I
have thoughts of walking down these streets, remembering my
past, hearing the voices, seeing the faces, feeling the
memories. My past mistakes and present. My new
life and the future creating new situations for me to make
mistakes. And to someday come back to these streets to
remember my future mistakes being caused by these old ones.
Why
can I not learn from these mistakes? Why do I dwell on
them? It serves no purpose except to hurt. All
my decisions are made from fear: fear of love, fear of
lost love, fear of life, fear of freedom, fear of failure,
fear of fear, fear of decision, fear of death, fear of
responsibility, fear of rejection . . . from friends, . . .
even my enemies.
Where
do I go? Certainly not home: I have no home. Home
to me is my mind, my thoughts . . . in these streets.
These streets are empty . . . just as I was when born. I
must travel down them to fill their vacant alleys. These
streets are me . . . unexplored in the darkness but able to
solve any problem if willing search for an answer.
Do
you have a problem? This man before me is doing and has
learned what I have learned. He is distant but we are
thinking as one. We can see one another: did you
know that? We will not speak: it's not
necessary. I'll smile: so will he. You do not
believe he will, but just watch: he'll smile. . .
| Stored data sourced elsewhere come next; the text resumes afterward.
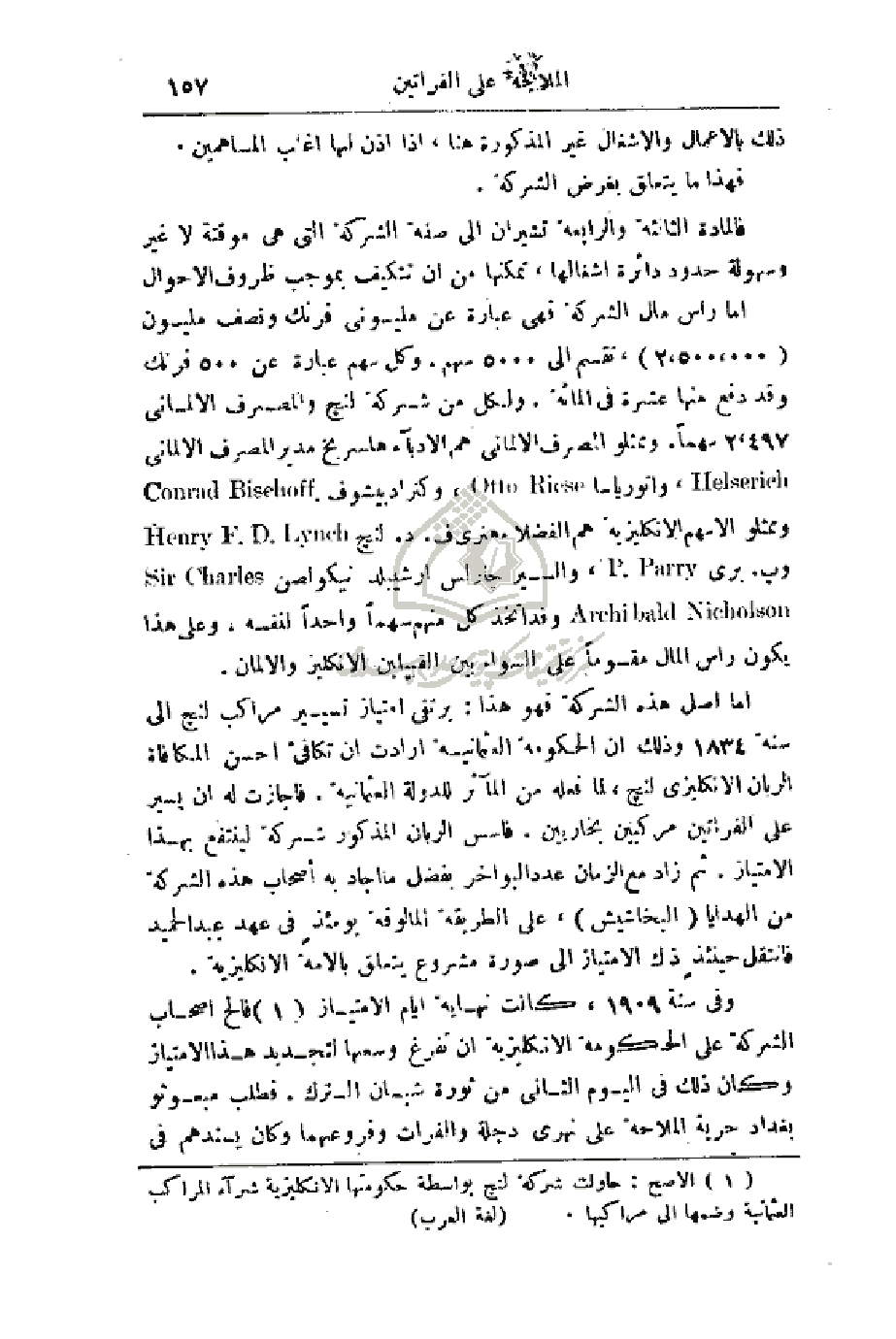 إلى 5000 سهم. وكل سهم عبارة عن 500 فرنك وقد دفع منها عشرة في المائة. ولكل من شركة لنج والمصرف الألماني2. 497 سهماً. وممثلو المصرف الألماني هم الأدباء. هلسريخ مدير المصرف الألماني واتورياسا وكنرادبيشوف وممثلو الأسهم الإنكليزية هم الفضلاء هنري ف. د. لنج وب. بري والسير جارلس ارشيبلد نيكولصن وقد اتخذ كل منهم واحداً لنفسه. وعلى هذا يكون راس المال مقسوماً على السواء بين القبيلين الإنكليز والألمان.
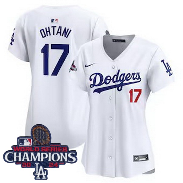 Home>MLB>2024 World Series Champions>Women>Women Nike Los Angeles Dodgers Shohei Ohtani #17 White Flex Base 2024 World Series Champions Stitched MLB Jersey
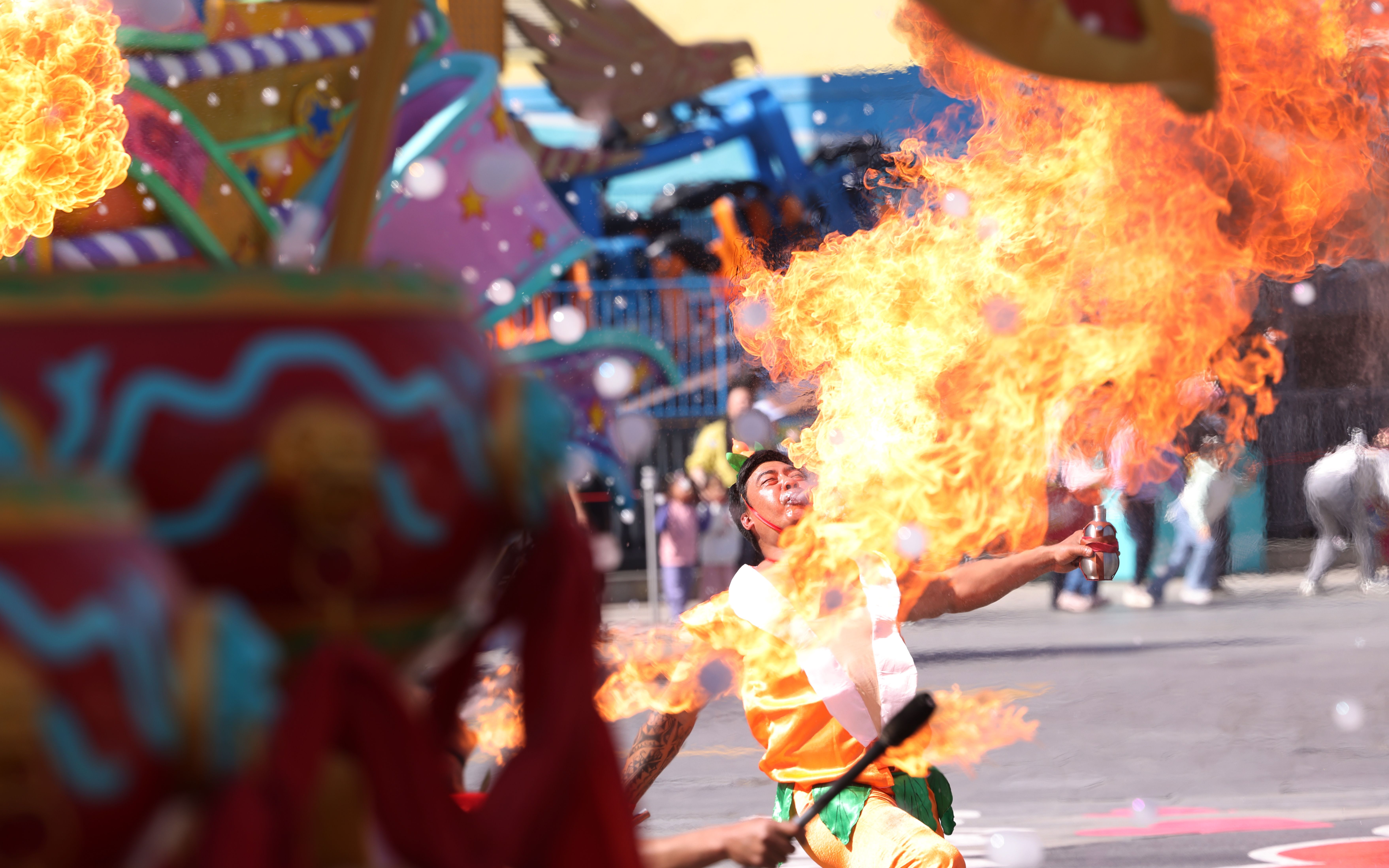 A Performer dressed as the characters from "Calabash Brothers", a Chinese animated series, wows audiences with his fire-breathing show.
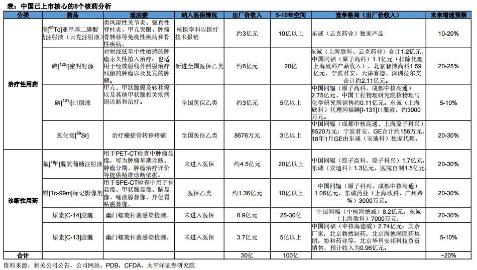 据太平洋证券的研报分析指出,核药的净利率40%到50%也不为过。诊断性核药保证核药5年较快增长,治疗性核药保证核药中长期较快增长并打开成长天花板。 2017年核心的8个核药产品出厂价收入30亿元,其中:东诚药业约7亿,中国同福约20亿,若不考虑中国同福11亿收入的尿素14C和尿素13C胶囊,双方规模相当。

. See I was right: he did smile. He wants to
speak, but can't: it's a rule. If he should speak,
our thoughts will not longer be ours: we will again be
human. And as humans we must respect each other using
our quote, unquote, "social etiquette".
"Social": what a stupid word. A word that
denotes dealing with people. That is why I love these
streets as my home. Don't you? Please say,
"Yes." I can't stand rejection. Please
say, "Yes."
That's
right: you can't answer. But try: try to answer
me. Please don't turn away. Don't put my life in a
drawer. Don't allow yourself not to feel. Be able
to know what I have felt over the years. Some of these
feelings I'm sure you have felt. You don't like them
either, do you? Why do you not like them? Believe
me when I tell you that you are not alone. Everyone
experiences them.
What
I have written on this page has been a part of, quote,
unquote, "society" for years. Learn to love
them as I do and always hate them! . . . I do.